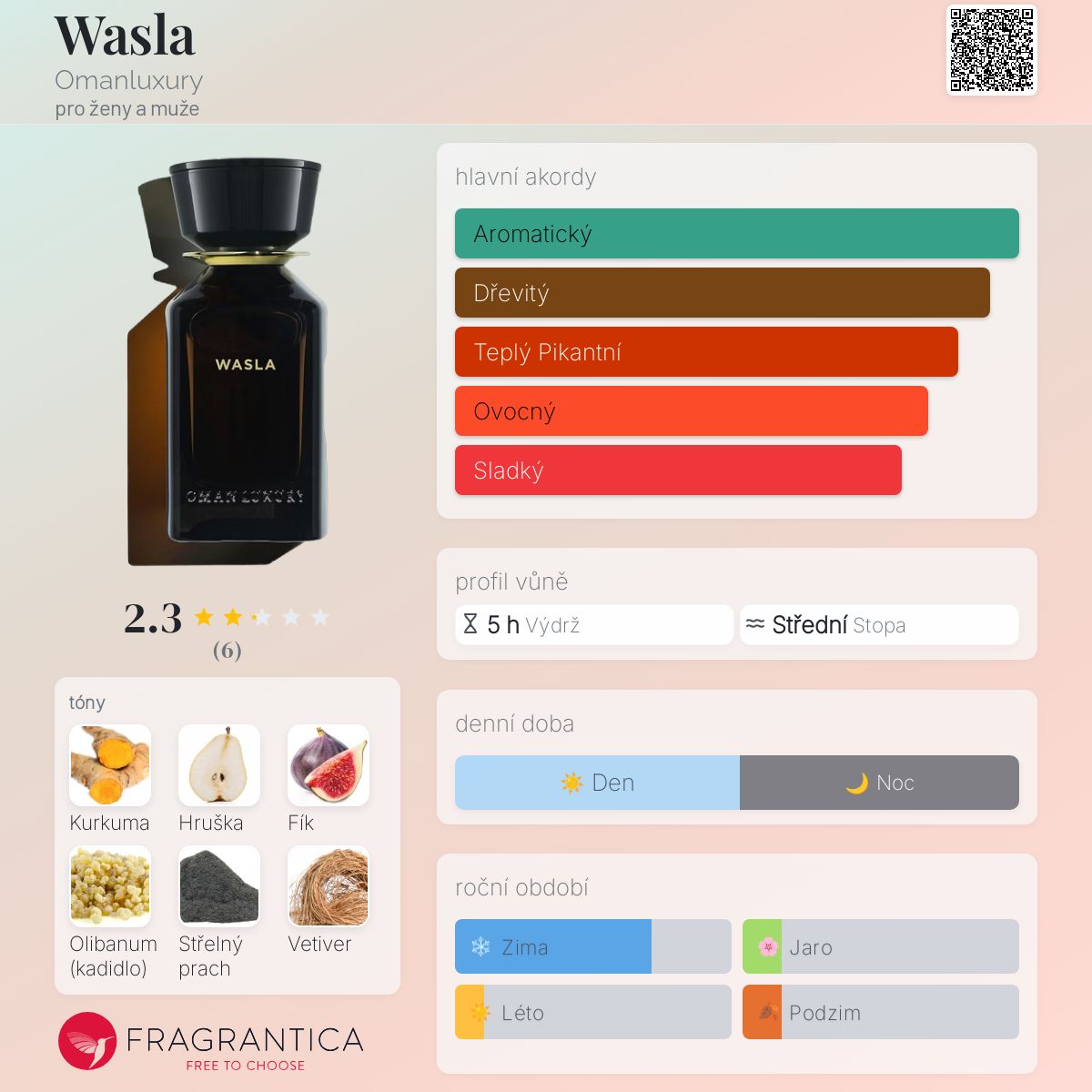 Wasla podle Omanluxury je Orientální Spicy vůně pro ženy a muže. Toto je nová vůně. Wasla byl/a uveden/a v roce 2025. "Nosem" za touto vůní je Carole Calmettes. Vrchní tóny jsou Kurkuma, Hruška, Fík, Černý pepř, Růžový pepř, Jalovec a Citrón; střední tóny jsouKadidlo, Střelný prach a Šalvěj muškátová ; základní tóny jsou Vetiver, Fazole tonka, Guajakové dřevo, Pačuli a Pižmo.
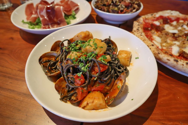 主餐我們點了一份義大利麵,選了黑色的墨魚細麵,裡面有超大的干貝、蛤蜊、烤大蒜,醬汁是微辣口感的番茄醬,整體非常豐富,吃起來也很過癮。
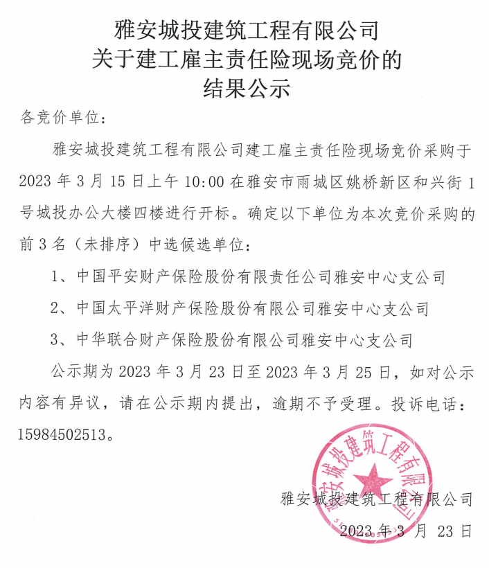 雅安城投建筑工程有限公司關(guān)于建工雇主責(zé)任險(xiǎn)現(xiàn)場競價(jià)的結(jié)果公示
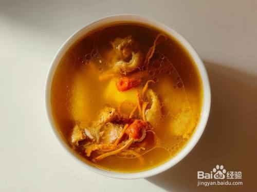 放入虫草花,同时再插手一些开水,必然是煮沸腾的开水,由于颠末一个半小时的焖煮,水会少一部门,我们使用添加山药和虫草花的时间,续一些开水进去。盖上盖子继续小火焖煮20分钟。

▶ [PROBLEM REQUIREMENTS]
An exact copy of the listing above is to be set down, with no pictures in it.

▶ [SOLUTION]
 Wasla podle Omanluxury je Orientální Spicy vůně pro ženy a muže. Toto je nová vůně. Wasla byl/a uveden/a v roce 2025. "Nosem" za touto vůní je Carole Calmettes. Vrchní tóny jsou Kurkuma, Hruška, Fík, Černý pepř, Růžový pepř, Jalovec a Citrón; střední tóny jsouKadidlo, Střelný prach a Šalvěj muškátová ; základní tóny jsou Vetiver, Fazole tonka, Guajakové dřevo, Pačuli a Pižmo.
 主餐我們點了一份義大利麵,選了黑色的墨魚細麵,裡面有超大的干貝、蛤蜊、烤大蒜,醬汁是微辣口感的番茄醬,整體非常豐富,吃起來也很過癮。
 雅安城投建筑工程有限公司關(guān)于建工雇主責(zé)任險(xiǎn)現(xiàn)場競價(jià)的結(jié)果公示
 放入虫草花,同时再插手一些开水,必然是煮沸腾的开水,由于颠末一个半小时的焖煮,水会少一部门,我们使用添加山药和虫草花的时间,续一些开水进去。盖上盖子继续小火焖煮20分钟。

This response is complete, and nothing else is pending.